# Ipad 1 se décharge tout seul



## Mandella (22 Juillet 2011)

Bonjour à tous,

Depuis quelque jours mon ipad se décharge tout seul la nuit alors qu'il y a aucune application en tache de fond et que je verrouille bien l'ipad ! Il est bien à jour et je l'ai redémarré. je perd 30 % par jour si je n'y touche pas alors qu'avant je n'avais pas de problème! Je dois faire jouer ma garantie pour ma batterie ou quelque chose d'autre?

merci


----------



## ederntal (22 Juillet 2011)

Si tu l'as éteins puis rallumé, et qu'il fait la même même sans ouvrir d'applications, c'est que c'est la batterie qui est endommagée (= SAV).

Mais tu peux faire un test pour être sûr : fais une sauvegarde de ton iPad sur ton Mac, remets-le à zéro via iTunes sans installer d'applications et vérifie s&#8217;il fait la même chose.
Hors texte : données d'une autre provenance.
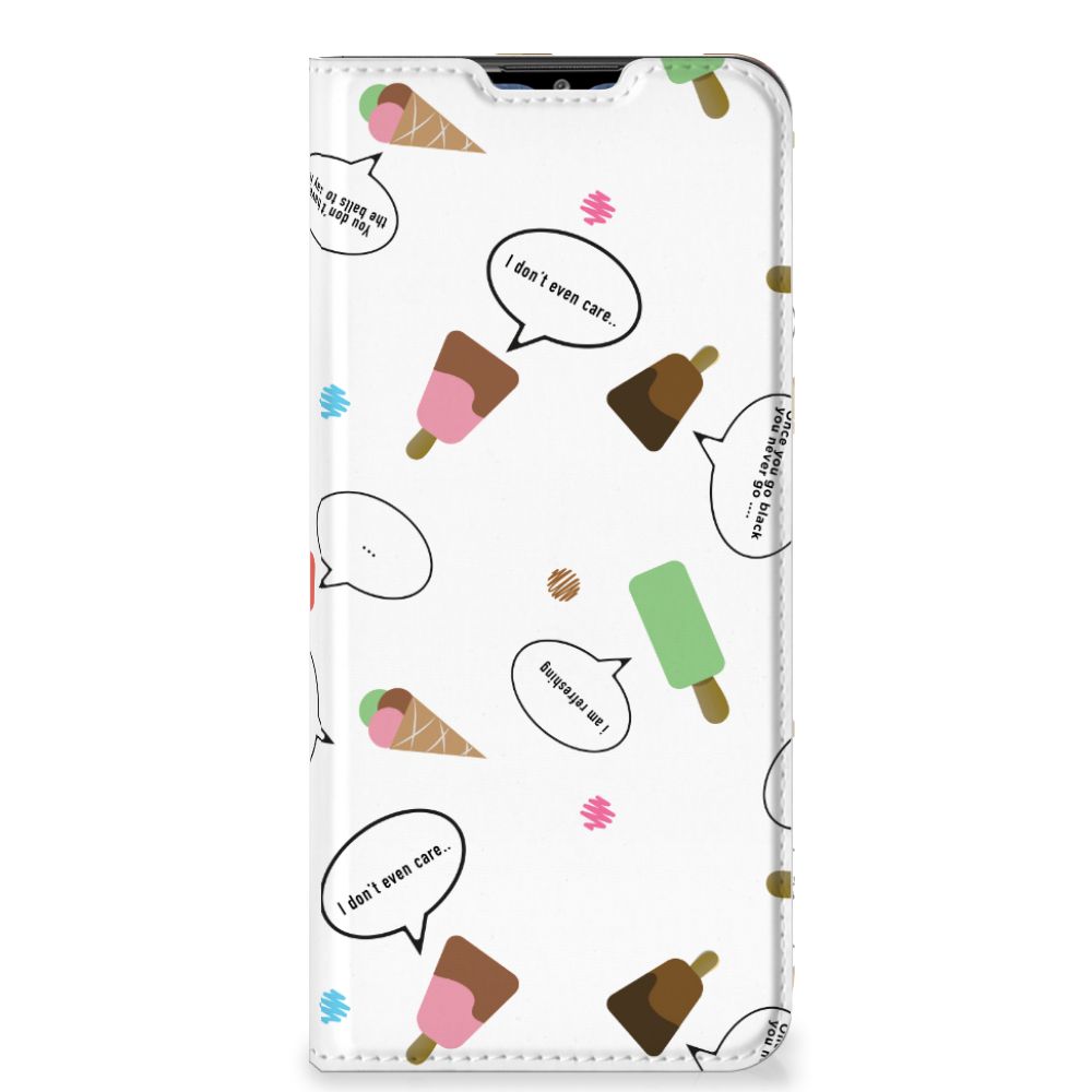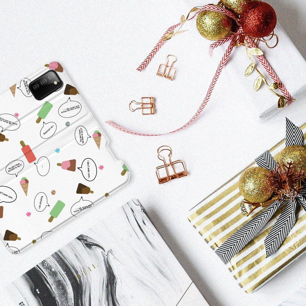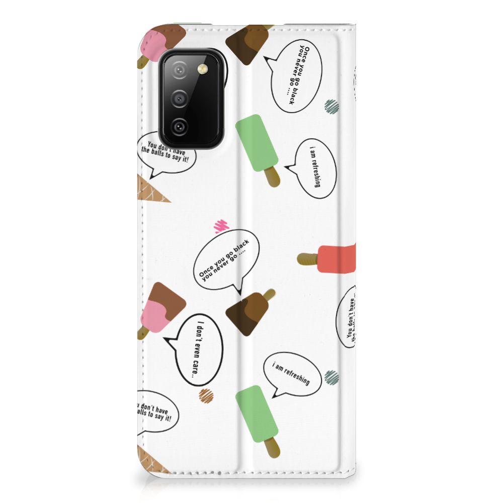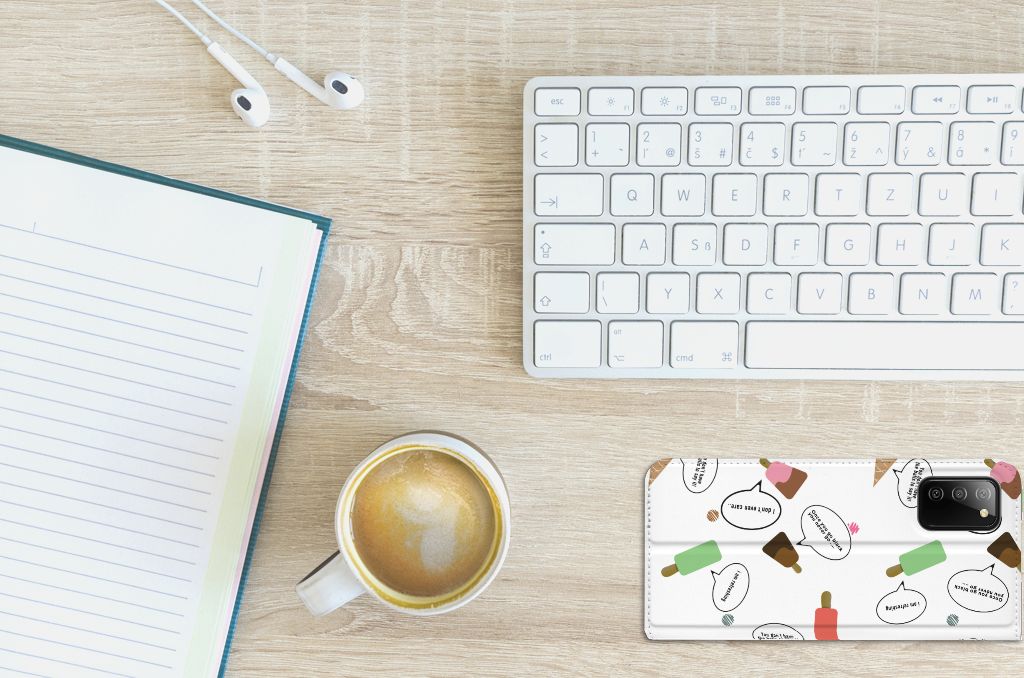 Van deze vrolijke Samsung Galaxy M02s | A02s Flip Style Cover met daarop verschillende soorten ijsjes met tekstwolkjes krijg je sowieso een vrij en zomers gevoel. De zomer komt naar je toe met deze print van ijsjes met tekstwolkjes. Ben je op het strand, dan ontbreekt een lekker ijsje natuurlijk niet. Net zoals je je smartphone bij de hand hebt, met daaromheen een design hoesje met bijzondere ijsjes en tekstwolkjes. Jouw telefoon kan dan de bescherming in de vorm van een stand case met ijsjes zeer goed gebruiken. Alle zijden van dit hoesje worden bedrukt met ijsjes en dankzij de speciale standaard is het erg prettig om filmpjes te bekijken. De case wordt aan de binnenzijde met een magneet afgesloten en de houder aan de binnenzijde is van TPU. Onder alle weersomstandigheden zal deze case met 1 opbergvakje en ijsjes perfect functioneren, ook op het strand met een ijsje in je hand.
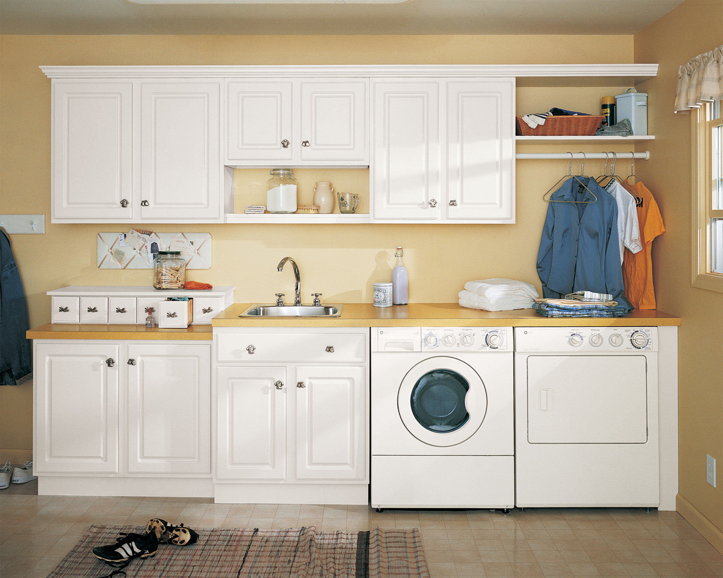 Description: A kitchen with a washer and dryer in it and a window above the washer and dryer.
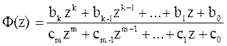 Передаточную функцию замкнутой системы всегда можно представить в виде отношения двух полиномов относительно переменной z.
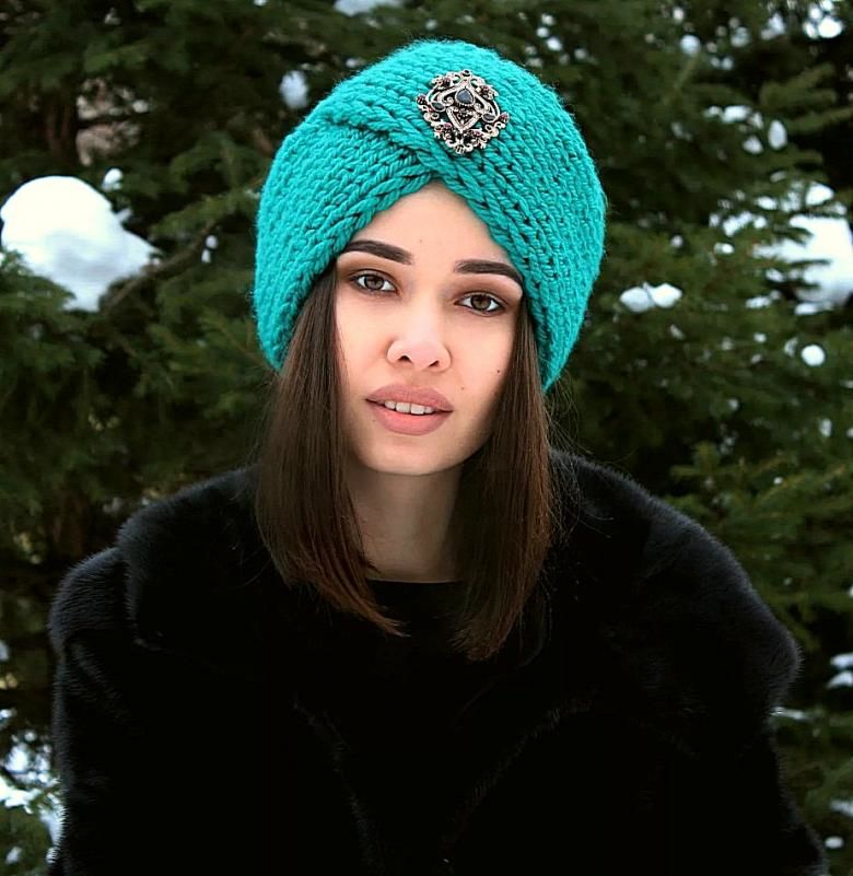 Самият тюрбан е изключително декоративен и изглежда чудесно върху момичета и жени с различни форми на лицето. Но колкото по-добро е качеството на преждата, толкова по-интересен е видът на "тюрбана".
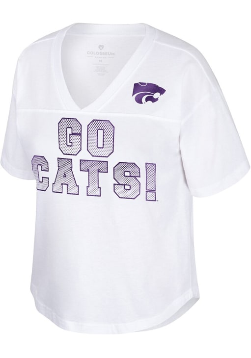 Display your team spirit with this remarkable K-State Wildcats White Shiz Short Sleeve T-Shirt! The K-State Wildcats Short Sleeve Tee showcases a foil print team name and logo at center chest that truly sets it apart. Stand out from the crowd and proudly declare your allegiance to the Wildcats with this exceptional White K-State Wildcats T-Shirt. Fear The Cats!
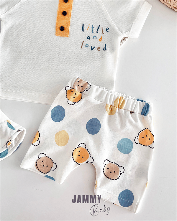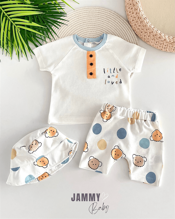 JKidslittle and loved bağlamali şapkali şortlu takim

Tu auras ainsi le coeur net pour savoir si c'est une application ou si c'est vraiment la batterie&#8230;


----------



## Mandella (22 Juillet 2011)

ok merci je vais tente ca se week end !

si il retourne au sav, il me donneront un ipad 2?


----------



## Frenchroller (22 Juillet 2011)

Mandella a dit:


> ok merci je vais tente ca se week end !
> 
> si il retourne au sav, il me donneront un ipad 2?


Non je ne crois pas


----------



## Mandella (22 Juillet 2011)

dommage


----------



## albedo83 (23 Juillet 2011)

Oui si tu n'as pas d'applis en tâche de fond, c'est un problème technique


----------



## Toximityx (23 Juillet 2011)

albedo83 a dit:


> Oui si tu n'as pas d'applis en tâche de fond, c'est un problème technique



Attentions aux e-mails...


----------



## will0ose (23 Juillet 2011)

Bonjour , 
pour ne plus avoir ce genre de souci il faut restaurer ton ipad 
et le configurer en tant que nouvelle ipad (ne pas utiliser de sauvegarde)
Pas besoin de S.A.V c'est ton firmware qui a du bugger quelque part 
tiens nous au courant .


----------



## Mandella (25 Juillet 2011)

oki je le reconfigure mais si je le restaure après ca reviendra?


----------